Pratiche diagnostiche e terapeutiche nel campo della bioetica, moralmente inaccettabili, sono tranquiilamente accettate da ospedali cattolici. Una denuncia dell'Osservatore Romano che non può restare senza seguiti.

Editoriali 03_10_2011
fecondazione in vitro
“In campo di sospensione delle cure vitali, di diagnosi prenatale e di manipolazione della vita molti cristiani non sentono più né l’ingiustizia morale, né i richiami dei dati scientifici”. Questa denuncia è stata fatta da L’Osservatore Romano nell’edizione del 1° ottobre con un articolo in prima pagina a firma di Carlo Bellieni. Il bioeticista presentava una serie di dati scientifici per dimostrare che le pratiche di fecondazione in vitro, aborto farmacologico e uso delle droghe leggere sono molto pericolose per la salute oltre che moralmente inaccettabili e che l’unico motivo per cui sono state introdotte è economico. “Il positivismo – nella forma dell’utilitarismo — sembra prevalere”, dice Bellieni. E non solo tra i laici: “Ormai certe pratiche sono routine, digerite, assorbite e soprattutto «normalizzate» anche tra molti credenti, medici e non medici”.

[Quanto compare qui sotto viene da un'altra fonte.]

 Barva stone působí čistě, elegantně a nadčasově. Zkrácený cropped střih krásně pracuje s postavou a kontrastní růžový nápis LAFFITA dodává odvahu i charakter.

E’ un’accusa molto pesante, che ha sicuramente sullo sfondo il caso dell’ospedale San Raffaele di Milano, i cui canali di ricerca e pratiche diagnostiche creeranno alla Santa Sede tanti problemi quanto quelli economici cui è impegnata a rispondere. Ma le parole di Bellieni fanno chiaramente intendere che il problema degli ospedali cattolici in cui si attuano ricerche, diagnosi e terapie contrarie alla morale cattolica non si limita al San Raffele, anzi è piuttosto diffuso. E questa non è una denuncia che può rimanere sospesa, senza un approfondimento.

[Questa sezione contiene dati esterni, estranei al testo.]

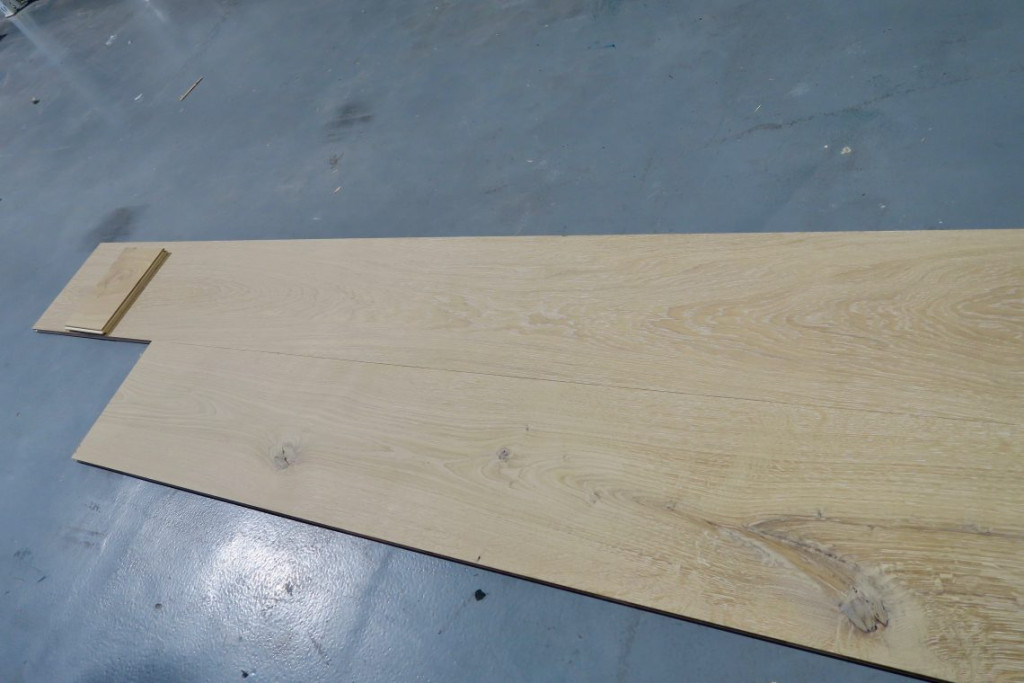 Heel toevallig waren er net twee planken van een klus overgebleven in de kleur die wij hebben uitgekozen. Puur Muis Grijs. We hebben ze even op de grond gelegd.

La confusione sulla liceità di certe pratiche, inoltre, va oltre il confine medico, dice ancora Bellieni; c’è una “normalizzazione” in atto, una incapacità a comprendere e spiegare la posta in gioco. Non può certo essere estraneo, alle parole di Bellieni, il dibattito dell’ultima settimana innescato dal caso della donna guarita da un tumore che è rimasta incinta grazie alla crioconservazione degli ovociti. Con un preciso articolo di Tommaso Scandroglio abbiamo spiegato di cosa si tratta e perché non si può brindare al successo, come qualcuno ha fatto. Seppure il danno venga in questo caso limitato (conservare gli ovociti provoca sicuramente minor sacrificio di embrioni rispetto alla conservazione degli embrioni stessi) non si può ignorare che comunque un sacrificio di embrioni, e perciò di vite, è richiesta.

La limitazione del danno è pur sempre un male e non può mai essere spacciata per un bene. In tempi di confusione generale, ai cattolici che hanno responsabilità nella comunicazione è chiesta una grande chiarezza.